Inhibition of nitric oxide formation does not affect endotoxin lethality in rats

Endotoxin causes release of nitric oxide (NO) from different types of cells. A causative role has been suggested for NO in endotoxin-induced hypotension. In order to test the hypothesis that NO may be involved in the high mortality rate following endotoxin challenge, the competitive NO synthase inhibitors N^w nitro-L-arginine methyl ester (L-NAME) and NG methyl L-arginine (L-NMA), or the NOS substrate L-arginine, were administered to rats in the presence and absence of endotoxin. Death rates were examined after drug injection. Urine nitrite concentration and mean arterial blood pressure were examined for 24 h following endotoxin injection. It was found that endotoxin injection increased mortality rates.

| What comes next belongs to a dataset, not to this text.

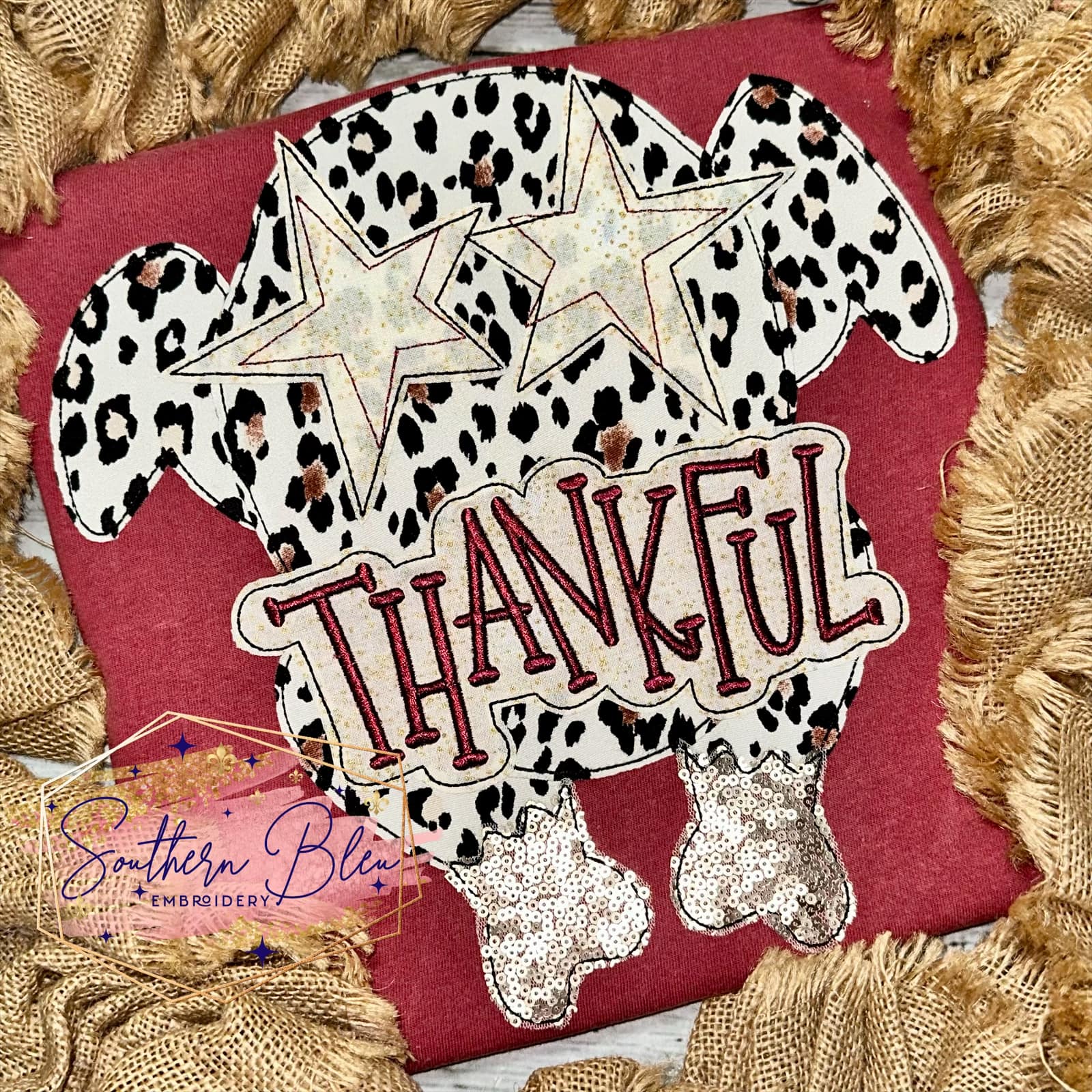 This is a bean stitch applique machine embroidery design. The lettering is a satin stitch and has been digitized to use with puff foam.

The mortality rate of rats injected with NOS inhibitors or an NOS substrate concomitantly with endotoxin was similar to that observed in rats treated with endotoxin alone. Endotoxin elicited a decrease in mean arterial blood pressure, whereas treatment with NOS inhibitors prevented this decrease. Treatment with L-arginine markedly exacerbated the endotoxin effects on blood pressure and resulted in hypotension 6 h after the endotoxin injection. The urine nitrite concentration increased after injection of endotoxin or L-arginine alone, or after injection of endotoxin concomitantly with L-arginine. The urine nitrite concentration after injection of endotoxin together with L-NAME was smaller than after injection of endotoxin alone. The effects of L-NAME on the urine nitrite concentration and on the blood pressure were reversed with L-arginine. These results do not support the hypothesis that NO mediates the high mortality rates following administration of endotoxin.